Excel doesn’t handle a record as a whole. Inserting, deleting and moving a record are operations performed based on rows and columns of a worksheet. There’s almost no problem about processing single-row records. But operations on rows become complicated in handling multi-row records and records with sub-records, and inserting and deleting fields based on columns are almost non-executable.
Because Excel isn’t good at handling multi-row records, it generally prevents them from appearing when generating the original data. So there’re not many chances for Excel users to encounter them. In many real-world businesses, however, it’s not a rarity that users find themselves in the face of a multi-level worksheet or multi-level data items. By the way, group operations will generate multi-level tables, as we’ll mention later.

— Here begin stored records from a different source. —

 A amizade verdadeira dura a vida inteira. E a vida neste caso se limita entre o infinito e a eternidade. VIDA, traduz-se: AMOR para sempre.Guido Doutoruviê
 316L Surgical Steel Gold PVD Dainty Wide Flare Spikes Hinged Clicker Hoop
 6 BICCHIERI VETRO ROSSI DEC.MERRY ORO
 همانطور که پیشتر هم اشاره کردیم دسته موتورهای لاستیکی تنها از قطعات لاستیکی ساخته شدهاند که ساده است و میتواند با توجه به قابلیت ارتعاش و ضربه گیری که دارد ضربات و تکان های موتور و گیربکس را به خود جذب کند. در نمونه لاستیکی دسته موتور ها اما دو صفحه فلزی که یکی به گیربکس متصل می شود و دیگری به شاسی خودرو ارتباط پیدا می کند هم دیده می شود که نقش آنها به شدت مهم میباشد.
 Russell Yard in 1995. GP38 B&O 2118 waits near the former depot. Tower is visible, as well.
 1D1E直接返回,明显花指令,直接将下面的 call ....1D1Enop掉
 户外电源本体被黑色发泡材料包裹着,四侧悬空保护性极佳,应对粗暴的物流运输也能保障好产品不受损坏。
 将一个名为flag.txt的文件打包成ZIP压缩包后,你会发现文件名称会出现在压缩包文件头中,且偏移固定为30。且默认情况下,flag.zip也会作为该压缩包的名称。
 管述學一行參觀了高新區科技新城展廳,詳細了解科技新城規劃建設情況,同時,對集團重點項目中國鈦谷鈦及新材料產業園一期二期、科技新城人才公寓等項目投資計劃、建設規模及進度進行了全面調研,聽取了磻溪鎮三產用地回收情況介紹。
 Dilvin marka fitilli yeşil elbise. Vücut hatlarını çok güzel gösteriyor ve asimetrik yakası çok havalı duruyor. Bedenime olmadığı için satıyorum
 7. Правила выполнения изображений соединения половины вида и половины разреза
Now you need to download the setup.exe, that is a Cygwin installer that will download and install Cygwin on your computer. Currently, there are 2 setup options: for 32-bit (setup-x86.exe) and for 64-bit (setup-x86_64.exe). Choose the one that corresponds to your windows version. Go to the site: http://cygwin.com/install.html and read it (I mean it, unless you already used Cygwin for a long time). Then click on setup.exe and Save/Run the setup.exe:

Even with single-row records, Excel will still make mistakes in copying formulas for inter-row calculations (such as the calculation of YOY rate and the accumulated value) when rows are inserted or deleted. There’s the same problem in moving records through the copy. Both cases require modifying the results manually or recopying by drag-and-drop. In addition, since Excel doesn’t stress the concept of records, it doesn’t offer hot keys for record processing, making the modification and recopying not that easy.
But it’s easy for esCalc, which defines records, to perform those operations. It also provides convenient hot keys to trigger the actions in a shortcut way. Records (including their sub-records) can be deleted and moved as a whole with just one click, after which the inter-row calculation formulas will remain correct. To insert and delete fields based on columns is to change the data structure. esCalc will automatically copy these operations on one cell to all its homo-cells.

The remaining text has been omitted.